Grieving the Multiple Losses of LGBTIQ+ Breakups
Abstract
This article addresses a topic seldom discussed in public or academic research: grief following breakups among LGBTIQ+ people. By attuning its analysis to queer grief as it is sensed, lived, and entangled within multiple grief assemblages, this article moves beyond prevailing frameworks for understanding LGBTIQ+ breakups, which often take structural and legal problems as their starting point. It advances and develops an affect-theoretical approach to grief in the context of LGBTIQ+ relationship breakups. Highlighting the multiplicity of queer grief assemblages, the article demonstrates how various elements – human, nonhuman, psychic, cultural, and spatial – are entangled in these assemblages, alleviating and complicating the grieving process.
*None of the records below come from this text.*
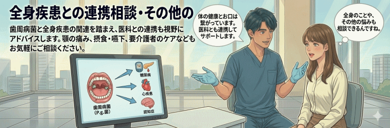 歯周病菌(P.g.菌)と糖尿病、心疾患、認知症などの関連性を踏まえ、必要に応じて医科との連携を視野に入れたアドバイスを行います。
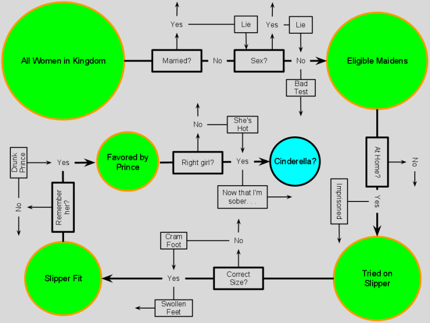 This subset of eligible maidens may then get to try on the slipper. It is reasonable to think that not everyone in this set would actually get to try on the slipper. Some of them might not be home. I imagine that the eligible maidens have busy days, just like the rest of us. Some of them might be locked in towers by their Wicked Stepmothers. The Grand Duke does not seem to have a definitive list of who all the eligible maidens were. So, it is hard to see how they would know that they have tested the entire subset. This step posed a real threat of eliminating the only true positive (Cinderella) in error[9].
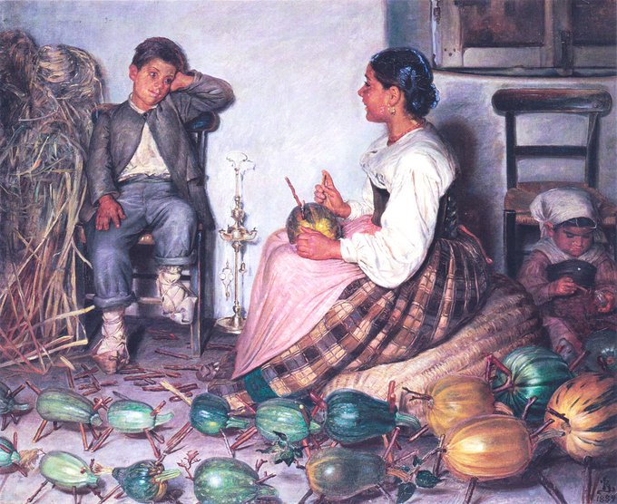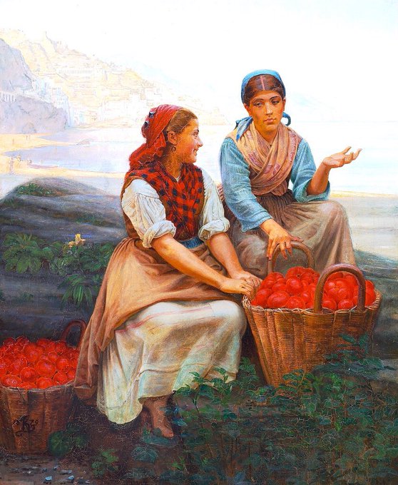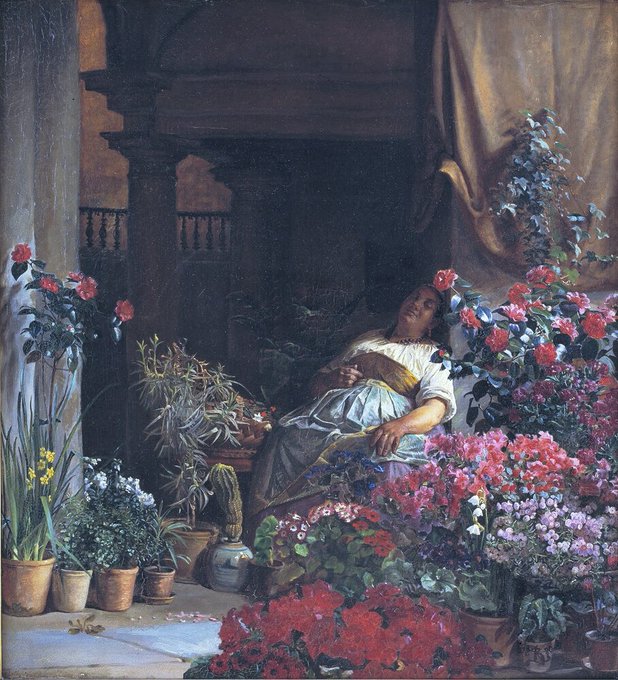 The artist left for Italy in 1875 & fell in love with the country, returning regularly & imbibing the colours of the South. Italian Girls with Tomatoes (1878-9), Flower Seller, Florence (1880) & Interior of the Last Century (1881)

The analysis draws on thirty interviews with Finnish LGBTIQ+ people who have experienced relationship breakups. Employing Deleuzian research methodologies, the study seeks to identify the elements and relations within queer grief assemblages through which flows, blockages and accumulations of grief emerge. In these assemblages, affective intensities often condense around grief for the loss of a partner; however, the assemblages always extend beyond to encompass other people as well as ideological, spatial, material and psychic elements. Rather than contributing to the most intense affective peaks within the grief assemblages, heteronormative elements often grief, either by entangling painful past experiences that puncture the flow of grief in the present or by preventing grief assemblages from extending beyond the personal and private into the public sphere.